Re: normalization issues with Turtle spec tests

* Ruben Verborgh <ruben.verborgh@ugent.be> [2013-04-06 22:15+0200]
> Dear all,
> 
> I have been working on making my JavaScript streaming Turtle parser node-n3 [1] compatible with the CR spec tests [2].
> I’ve come across some issues with normalization that I’d like to have your feedback on.
> 
> My current test setup is:
> 1. parse action file, write as N-triples, send to cwm
> 2. download correct N-triples result, send to cwm
> 3. compare both cwm outputs string-wise
> 
> With this setup, I’m experiencing the following normalization issues:
> - The result of bareword_double is a bit inconvenient because is includes an uppercase E to indicate the double’s exponent,
>    instead of a lowercase e found in other tests such as turtle-subm-19 and turtle-subm-20.
>    While this is of course not wrong, it is inconvenient with parsers that normalize the exponent (to either lowercase or uppercase).
>    If I choose to normalize to uppercase, bareword_double fails.

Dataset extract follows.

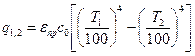 Чтобы найти q1,2, надо из собственного излучения первой пластины Е1 вычесть, во-первых, то, что возвращается и снова поглощается от собственного излучения и, во-вторых, ту энергию, которая поглощается из излучения второй поверхности, т.е. найти результирующее излучение для первой поверхности:

If I choose to normalize to lowercase, turtle-subm-19 and turtle-subm-20 fail.
>    
> - The result of positive_numeric includes "+1"^^<http://www.w3.org/2001/XMLSchema#integer>.
>    Although correct, it is more convenient when normalized to "1"^^<http://www.w3.org/2001/XMLSchema#integer>.
> 
> - The result of numeric_with_leading_0 includes "01"^^<http://www.w3.org/2001/XMLSchema#integer>
>    Although correct, it is more convenient when normalized to "1"^^<http://www.w3.org/2001/XMLSchema#integer>.
>    (In that case, the result could be shared with positive_numeric.)
> 
> - The result of turtle-subm-11 includes leading zeros on two lines, although the test is called “decimal integer canonicalization”.
>   I’d expect canonicalization to be applied indeed and the leading zeros removed.
> 
> - The Turtle draft spec part about quoted literals [3] points to the RDF 1.1 Concepts and Abstract Syntax [4],
>    which says that the language tag must be normalized to lowercase.
>    However, this normalization does not happen in the result of “langtagged_LONG_with_subtag”, which uses @en-UK.
> 
> Therefore, I wonder:
> - Would it be meaningful to change the test results to make them use normalization?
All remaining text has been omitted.